When the news reports that hackers have stolen hundreds of millions of dollars in cryptocurrency, many people picture a simple scenario: the blockchain must have been broken. But in most high-profile cases, the problem was not Bitcoin, Ethereum, or the very idea of a distributed ledger. What usually gets compromised is everything that surrounds cryptocurrency: exchanges, wallets, cross-chain bridges, smart contracts, internal processes, interfaces, employee access, and key storage systems.

That is why the history of the largest crypto hacks is more than a list of dramatic thefts. It is also the story of a maturing market. Every major incident showed the industry where its weak spots were.

What Gets Attacked Most Often in the Crypto Industry

Cryptocurrency does not exist in a vacuum. To buy, sell, swap, or transfer assets, a user normally interacts with services: exchanges, swap platforms, wallets, DeFi protocols, cross-chain bridges, payment solutions, and custodial platforms. Each of these components carries its own area of risk.

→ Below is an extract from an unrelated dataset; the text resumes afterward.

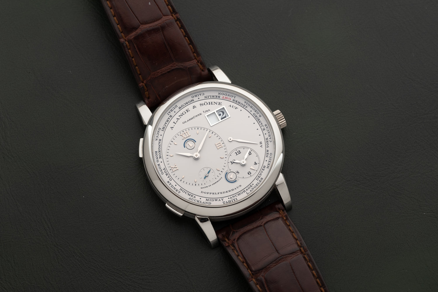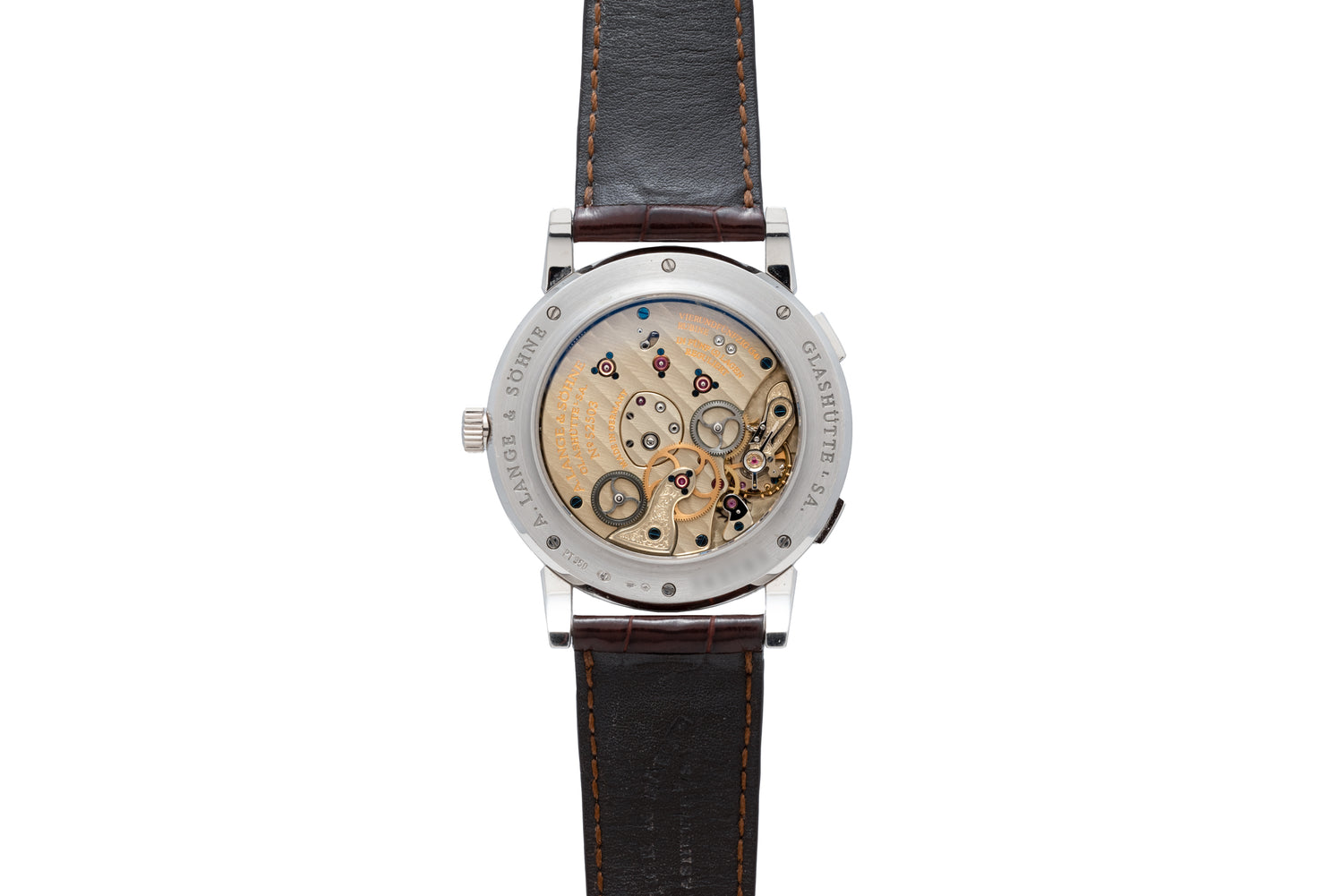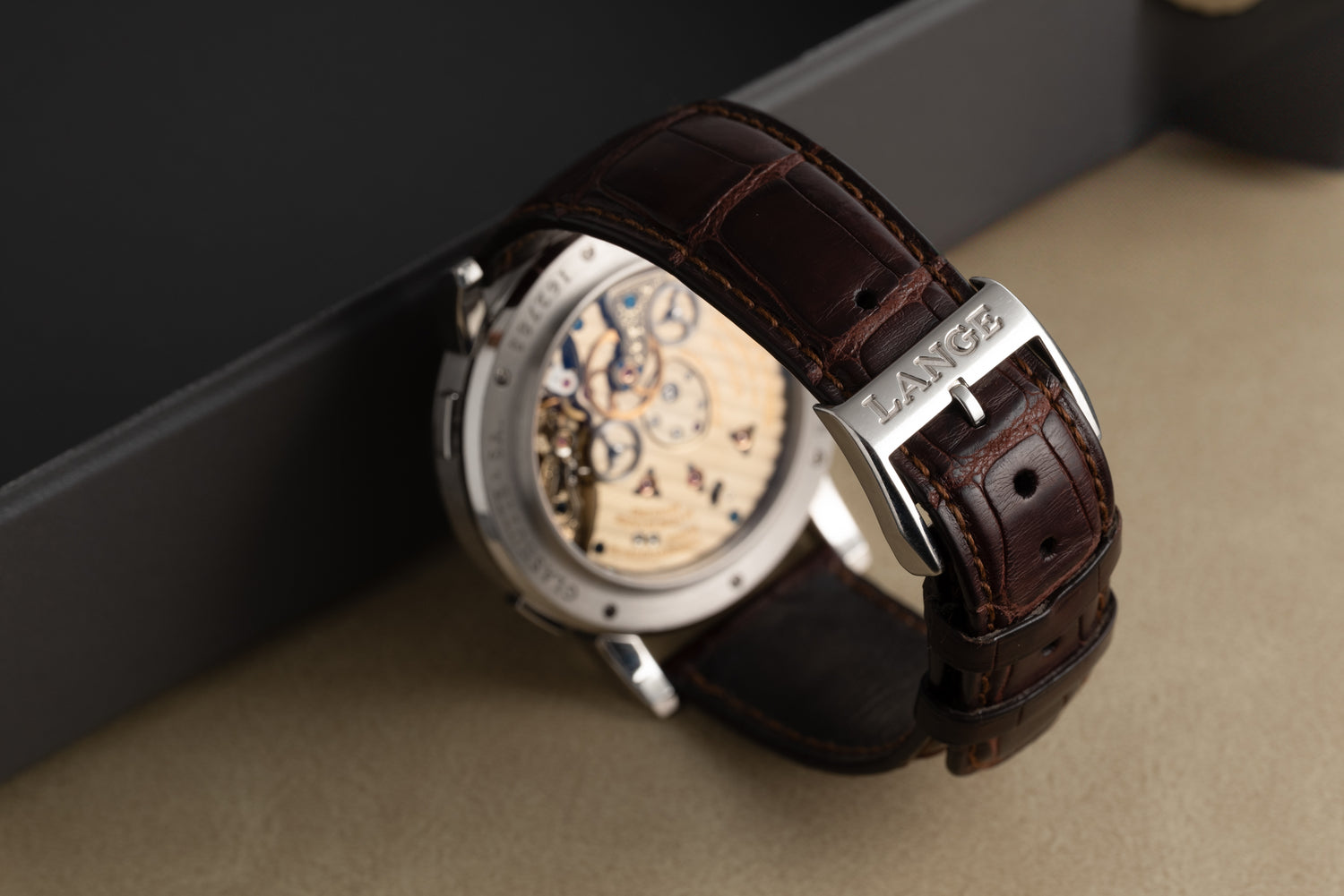 With its 42mm platinum case, this particular example features a lovely satin silver dial with applied indices and a matching 'alpha' handset, a signed brown alligator leather strap with a signed platinum pin buckle, and perhaps the best part of any Lange — a sapphire caseback for crystal clear viewing of the horological delight that is a Lange movement.
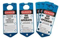 Danger Do Not Operate Lockout Hasp^ Constructed from anodized aluminum alloy with tamperproof locking tabs. Front and back contains write-on surface that accepts pencil, pen or permanent marker. 6 lock holes with 5/16 diameter. 7 1/14H x 3W x 3/16D. Blue. 5 per pack.

An exchange may manage access poorly. A hot wallet may be connected to the internet and become a convenient target. A smart contract may contain a flaw in its logic. A bridge between networks may concentrate enormous sums in one technically complex place. And an employee, an administrator, or the user themselves can be attacked through phishing, fake links, and social engineering. The weak link is almost always found not inside the blockchain, but at the point where assets pass under the control of services, companies, and people.

Mt. Gox: When the Market Did Not Yet Know How to Store Billions

In the early 2010s, Mt. Gox was not merely one of the largest exchanges; it handled roughly 70% of all Bitcoin transactions worldwide. For most users of that era, it was the main and often the only way to enter the world of cryptocurrency.

In February 2014, everything collapsed. The exchange declared bankruptcy and reported the disappearance of about 850,000 BTC, of which roughly 750,000 belonged to clients. At the exchange rate of the time, that was hundreds of millions of dollars. At today's prices, the figure is almost too large to contemplate.

The most troubling part of this story is that the problems did not appear in a single day. According to investigations, some of the funds had been disappearing for years, starting in 2011. There was no proper accounting inside the exchange. Keys were stored carelessly. Control over the movement of funds barely existed. Management either failed to notice what was happening or took no meaningful action.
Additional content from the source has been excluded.